| TASK GOAL |
Write out all the entries word for word, but skip any images.

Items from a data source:
▬▬▬▬▬▬

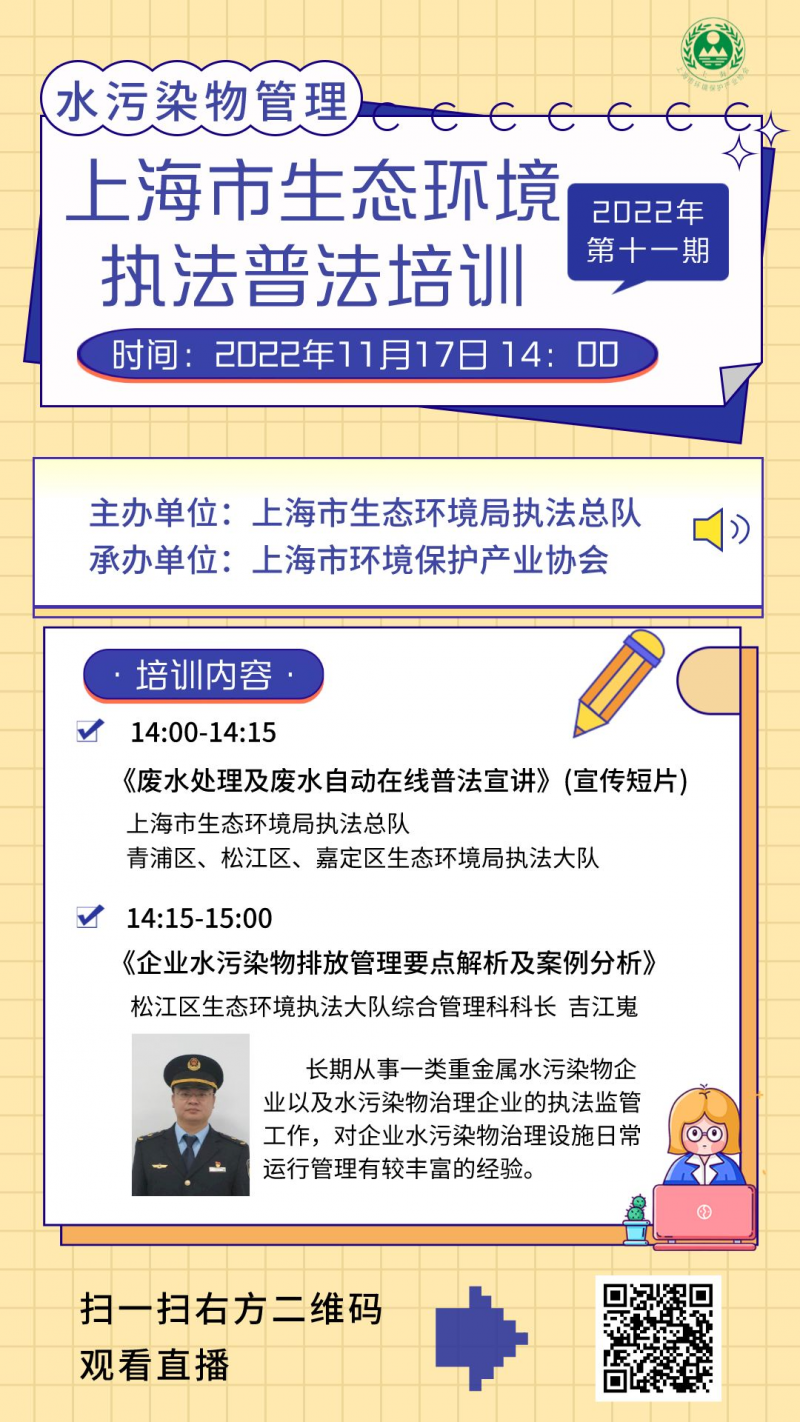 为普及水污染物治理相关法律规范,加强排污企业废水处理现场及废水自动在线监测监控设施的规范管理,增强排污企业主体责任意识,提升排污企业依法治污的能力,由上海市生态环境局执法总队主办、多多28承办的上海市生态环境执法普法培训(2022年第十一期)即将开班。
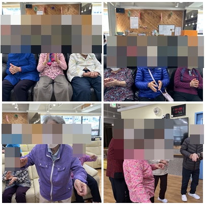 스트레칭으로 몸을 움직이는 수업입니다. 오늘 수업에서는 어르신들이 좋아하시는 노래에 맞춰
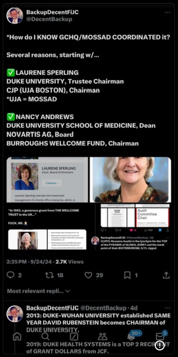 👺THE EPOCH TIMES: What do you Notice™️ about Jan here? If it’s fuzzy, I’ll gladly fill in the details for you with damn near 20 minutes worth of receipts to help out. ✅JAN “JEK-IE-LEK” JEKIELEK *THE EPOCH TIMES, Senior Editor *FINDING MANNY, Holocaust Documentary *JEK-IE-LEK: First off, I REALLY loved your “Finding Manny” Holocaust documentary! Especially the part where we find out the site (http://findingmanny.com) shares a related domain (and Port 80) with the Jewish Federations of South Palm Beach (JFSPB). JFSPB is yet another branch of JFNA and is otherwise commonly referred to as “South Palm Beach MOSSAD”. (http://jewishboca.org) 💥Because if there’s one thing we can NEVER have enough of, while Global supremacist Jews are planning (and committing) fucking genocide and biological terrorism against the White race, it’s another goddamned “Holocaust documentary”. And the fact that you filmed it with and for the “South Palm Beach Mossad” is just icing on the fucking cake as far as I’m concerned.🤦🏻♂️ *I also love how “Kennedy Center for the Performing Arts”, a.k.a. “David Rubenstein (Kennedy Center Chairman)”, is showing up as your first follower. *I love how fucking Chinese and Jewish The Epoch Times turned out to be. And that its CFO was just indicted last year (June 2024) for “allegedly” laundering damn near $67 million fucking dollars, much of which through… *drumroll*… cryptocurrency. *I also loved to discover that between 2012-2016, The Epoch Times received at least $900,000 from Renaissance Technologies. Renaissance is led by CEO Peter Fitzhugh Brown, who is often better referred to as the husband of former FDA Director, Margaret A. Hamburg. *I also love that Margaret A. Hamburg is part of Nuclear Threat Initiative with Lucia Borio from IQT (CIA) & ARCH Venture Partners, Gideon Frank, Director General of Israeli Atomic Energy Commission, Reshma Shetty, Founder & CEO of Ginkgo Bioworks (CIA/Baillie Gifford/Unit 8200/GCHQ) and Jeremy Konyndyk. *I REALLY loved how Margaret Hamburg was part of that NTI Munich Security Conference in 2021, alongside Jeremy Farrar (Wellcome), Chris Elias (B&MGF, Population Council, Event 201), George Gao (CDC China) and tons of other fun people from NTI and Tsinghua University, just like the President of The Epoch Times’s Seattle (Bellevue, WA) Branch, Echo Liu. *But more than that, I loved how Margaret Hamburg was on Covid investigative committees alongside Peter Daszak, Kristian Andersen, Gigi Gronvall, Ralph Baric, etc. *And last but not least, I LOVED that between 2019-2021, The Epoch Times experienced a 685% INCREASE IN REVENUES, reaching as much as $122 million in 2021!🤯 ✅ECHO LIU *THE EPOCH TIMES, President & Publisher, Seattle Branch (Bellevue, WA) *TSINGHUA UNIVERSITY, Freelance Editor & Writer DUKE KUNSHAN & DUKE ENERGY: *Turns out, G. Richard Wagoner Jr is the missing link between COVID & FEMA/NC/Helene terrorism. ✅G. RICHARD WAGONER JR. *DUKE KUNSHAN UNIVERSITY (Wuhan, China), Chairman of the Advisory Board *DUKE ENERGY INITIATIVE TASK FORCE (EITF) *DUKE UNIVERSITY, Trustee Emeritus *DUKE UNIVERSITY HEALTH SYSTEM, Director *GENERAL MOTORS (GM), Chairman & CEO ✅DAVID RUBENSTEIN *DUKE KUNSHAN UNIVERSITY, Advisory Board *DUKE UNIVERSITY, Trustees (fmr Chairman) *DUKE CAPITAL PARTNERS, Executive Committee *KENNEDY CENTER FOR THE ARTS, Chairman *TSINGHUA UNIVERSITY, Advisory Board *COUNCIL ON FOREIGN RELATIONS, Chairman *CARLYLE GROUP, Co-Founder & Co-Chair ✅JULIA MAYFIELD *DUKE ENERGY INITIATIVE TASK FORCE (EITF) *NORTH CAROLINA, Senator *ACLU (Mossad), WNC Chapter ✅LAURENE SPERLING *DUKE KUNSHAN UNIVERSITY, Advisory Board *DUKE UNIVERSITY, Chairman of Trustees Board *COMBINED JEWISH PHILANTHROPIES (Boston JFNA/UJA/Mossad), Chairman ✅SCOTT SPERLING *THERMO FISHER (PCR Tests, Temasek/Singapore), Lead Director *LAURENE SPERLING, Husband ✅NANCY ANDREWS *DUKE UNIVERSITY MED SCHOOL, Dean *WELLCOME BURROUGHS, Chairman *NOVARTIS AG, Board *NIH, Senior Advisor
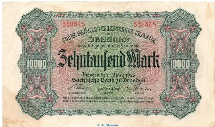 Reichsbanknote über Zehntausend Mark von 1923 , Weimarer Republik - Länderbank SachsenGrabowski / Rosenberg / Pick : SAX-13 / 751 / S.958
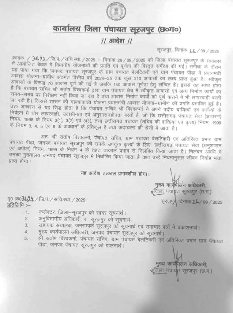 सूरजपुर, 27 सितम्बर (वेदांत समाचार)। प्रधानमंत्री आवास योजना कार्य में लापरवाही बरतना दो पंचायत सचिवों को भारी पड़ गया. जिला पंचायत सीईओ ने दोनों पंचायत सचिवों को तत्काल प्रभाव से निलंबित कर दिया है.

▬▬▬▬▬▬

| ANSWER TO THE EXERCISE |
 为普及水污染物治理相关法律规范,加强排污企业废水处理现场及废水自动在线监测监控设施的规范管理,增强排污企业主体责任意识,提升排污企业依法治污的能力,由上海市生态环境局执法总队主办、多多28承办的上海市生态环境执法普法培训(2022年第十一期)即将开班。
 스트레칭으로 몸을 움직이는 수업입니다. 오늘 수업에서는 어르신들이 좋아하시는 노래에 맞춰
 👺THE EPOCH TIMES: What do you Notice™️ about Jan here? If it’s fuzzy, I’ll gladly fill in the details for you with damn near 20 minutes worth of receipts to help out. ✅JAN “JEK-IE-LEK” JEKIELEK *THE EPOCH TIMES, Senior Editor *FINDING MANNY, Holocaust Documentary *JEK-IE-LEK: First off, I REALLY loved your “Finding Manny” Holocaust documentary! Especially the part where we find out the site (http://findingmanny.com) shares a related domain (and Port 80) with the Jewish Federations of South Palm Beach (JFSPB). JFSPB is yet another branch of JFNA and is otherwise commonly referred to as “South Palm Beach MOSSAD”. (http://jewishboca.org) 💥Because if there’s one thing we can NEVER have enough of, while Global supremacist Jews are planning (and committing) fucking genocide and biological terrorism against the White race, it’s another goddamned “Holocaust documentary”. And the fact that you filmed it with and for the “South Palm Beach Mossad” is just icing on the fucking cake as far as I’m concerned.🤦🏻♂️ *I also love how “Kennedy Center for the Performing Arts”, a.k.a. “David Rubenstein (Kennedy Center Chairman)”, is showing up as your first follower. *I love how fucking Chinese and Jewish The Epoch Times turned out to be. And that its CFO was just indicted last year (June 2024) for “allegedly” laundering damn near $67 million fucking dollars, much of which through… *drumroll*… cryptocurrency. *I also loved to discover that between 2012-2016, The Epoch Times received at least $900,000 from Renaissance Technologies. Renaissance is led by CEO Peter Fitzhugh Brown, who is often better referred to as the husband of former FDA Director, Margaret A. Hamburg. *I also love that Margaret A. Hamburg is part of Nuclear Threat Initiative with Lucia Borio from IQT (CIA) & ARCH Venture Partners, Gideon Frank, Director General of Israeli Atomic Energy Commission, Reshma Shetty, Founder & CEO of Ginkgo Bioworks (CIA/Baillie Gifford/Unit 8200/GCHQ) and Jeremy Konyndyk. *I REALLY loved how Margaret Hamburg was part of that NTI Munich Security Conference in 2021, alongside Jeremy Farrar (Wellcome), Chris Elias (B&MGF, Population Council, Event 201), George Gao (CDC China) and tons of other fun people from NTI and Tsinghua University, just like the President of The Epoch Times’s Seattle (Bellevue, WA) Branch, Echo Liu. *But more than that, I loved how Margaret Hamburg was on Covid investigative committees alongside Peter Daszak, Kristian Andersen, Gigi Gronvall, Ralph Baric, etc. *And last but not least, I LOVED that between 2019-2021, The Epoch Times experienced a 685% INCREASE IN REVENUES, reaching as much as $122 million in 2021!🤯 ✅ECHO LIU *THE EPOCH TIMES, President & Publisher, Seattle Branch (Bellevue, WA) *TSINGHUA UNIVERSITY, Freelance Editor & Writer DUKE KUNSHAN & DUKE ENERGY: *Turns out, G. Richard Wagoner Jr is the missing link between COVID & FEMA/NC/Helene terrorism. ✅G. RICHARD WAGONER JR. *DUKE KUNSHAN UNIVERSITY (Wuhan, China), Chairman of the Advisory Board *DUKE ENERGY INITIATIVE TASK FORCE (EITF) *DUKE UNIVERSITY, Trustee Emeritus *DUKE UNIVERSITY HEALTH SYSTEM, Director *GENERAL MOTORS (GM), Chairman & CEO ✅DAVID RUBENSTEIN *DUKE KUNSHAN UNIVERSITY, Advisory Board *DUKE UNIVERSITY, Trustees (fmr Chairman) *DUKE CAPITAL PARTNERS, Executive Committee *KENNEDY CENTER FOR THE ARTS, Chairman *TSINGHUA UNIVERSITY, Advisory Board *COUNCIL ON FOREIGN RELATIONS, Chairman *CARLYLE GROUP, Co-Founder & Co-Chair ✅JULIA MAYFIELD *DUKE ENERGY INITIATIVE TASK FORCE (EITF) *NORTH CAROLINA, Senator *ACLU (Mossad), WNC Chapter ✅LAURENE SPERLING *DUKE KUNSHAN UNIVERSITY, Advisory Board *DUKE UNIVERSITY, Chairman of Trustees Board *COMBINED JEWISH PHILANTHROPIES (Boston JFNA/UJA/Mossad), Chairman ✅SCOTT SPERLING *THERMO FISHER (PCR Tests, Temasek/Singapore), Lead Director *LAURENE SPERLING, Husband ✅NANCY ANDREWS *DUKE UNIVERSITY MED SCHOOL, Dean *WELLCOME BURROUGHS, Chairman *NOVARTIS AG, Board *NIH, Senior Advisor
 Reichsbanknote über Zehntausend Mark von 1923 , Weimarer Republik - Länderbank SachsenGrabowski / Rosenberg / Pick : SAX-13 / 751 / S.958
 सूरजपुर, 27 सितम्बर (वेदांत समाचार)। प्रधानमंत्री आवास योजना कार्य में लापरवाही बरतना दो पंचायत सचिवों को भारी पड़ गया. जिला पंचायत सीईओ ने दोनों पंचायत सचिवों को तत्काल प्रभाव से निलंबित कर दिया है.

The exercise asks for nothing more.